* **Description of the task**:
Beginning at the line with "Tisza Vendéglő heti", please repeat each line exactly through the end of the records below, including that first line and the last, but no pictures.

(Stored data entries)
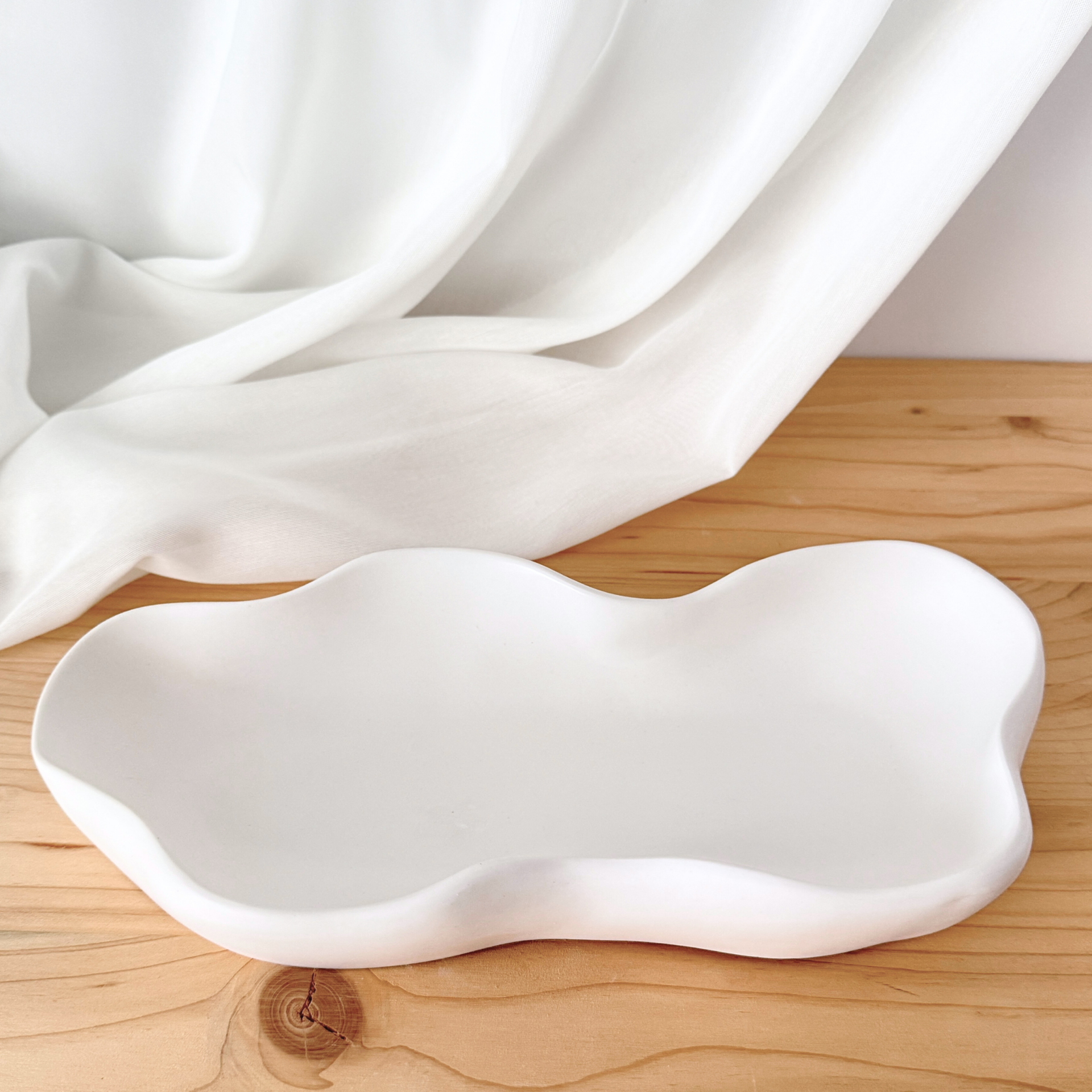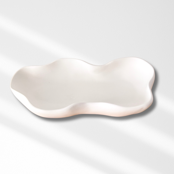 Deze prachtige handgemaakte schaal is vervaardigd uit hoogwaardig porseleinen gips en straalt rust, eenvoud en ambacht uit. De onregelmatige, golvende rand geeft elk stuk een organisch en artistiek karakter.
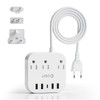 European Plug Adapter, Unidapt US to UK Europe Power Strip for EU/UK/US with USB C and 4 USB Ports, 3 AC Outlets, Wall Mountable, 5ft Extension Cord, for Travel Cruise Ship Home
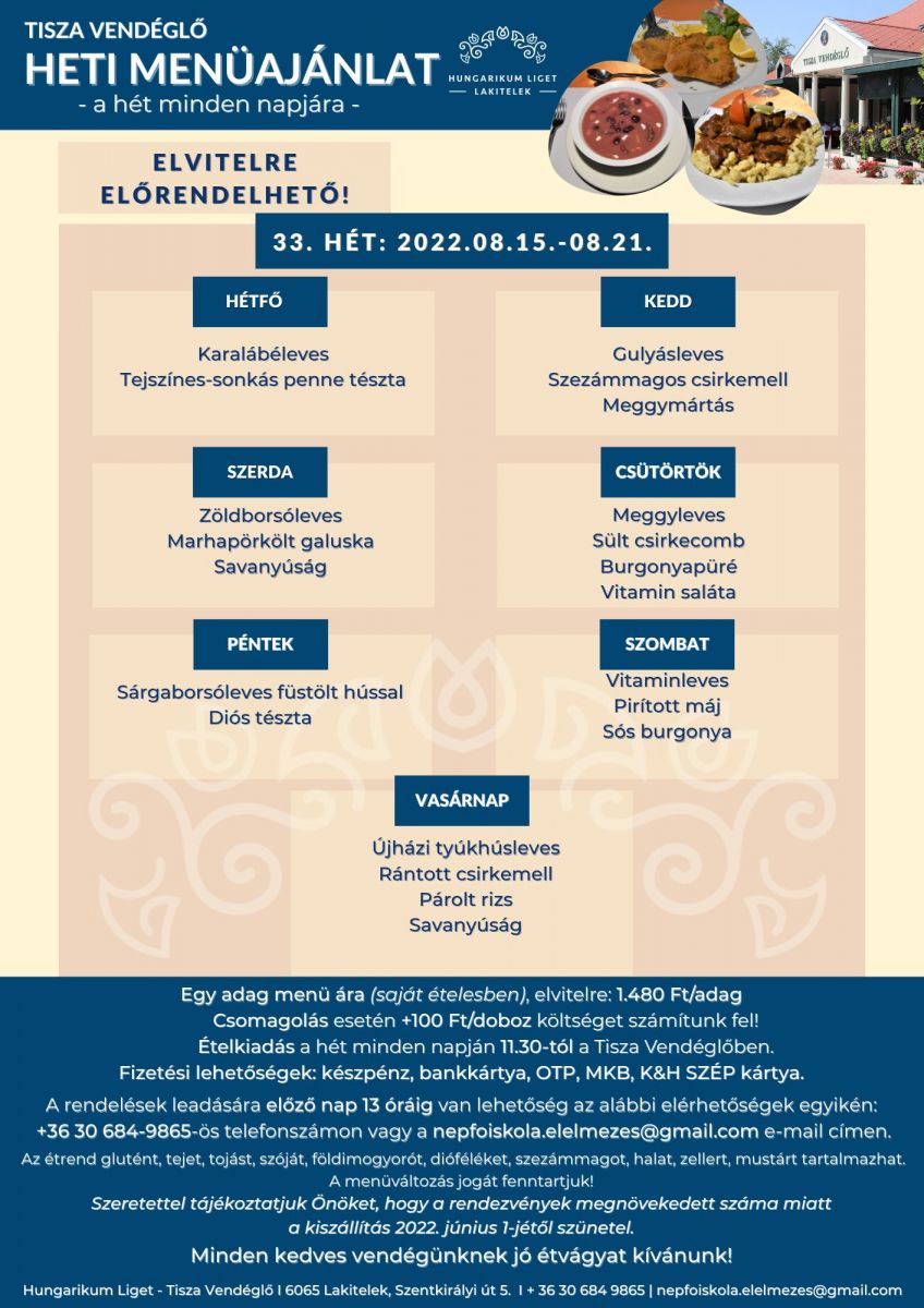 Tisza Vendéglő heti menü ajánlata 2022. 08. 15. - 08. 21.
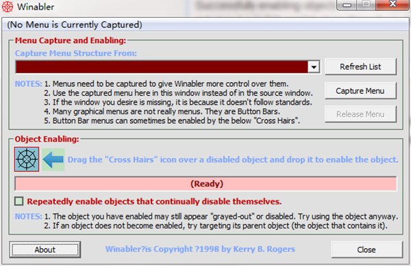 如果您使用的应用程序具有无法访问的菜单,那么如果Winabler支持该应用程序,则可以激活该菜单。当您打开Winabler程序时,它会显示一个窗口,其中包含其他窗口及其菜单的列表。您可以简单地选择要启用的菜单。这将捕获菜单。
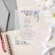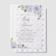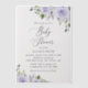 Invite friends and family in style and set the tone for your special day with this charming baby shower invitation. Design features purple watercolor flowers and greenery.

* **Task response**:
 Tisza Vendéglő heti menü ajánlata 2022. 08. 15. - 08. 21.
 如果您使用的应用程序具有无法访问的菜单,那么如果Winabler支持该应用程序,则可以激活该菜单。当您打开Winabler程序时,它会显示一个窗口,其中包含其他窗口及其菜单的列表。您可以简单地选择要启用的菜单。这将捕获菜单。
 Invite friends and family in style and set the tone for your special day with this charming baby shower invitation. Design features purple watercolor flowers and greenery.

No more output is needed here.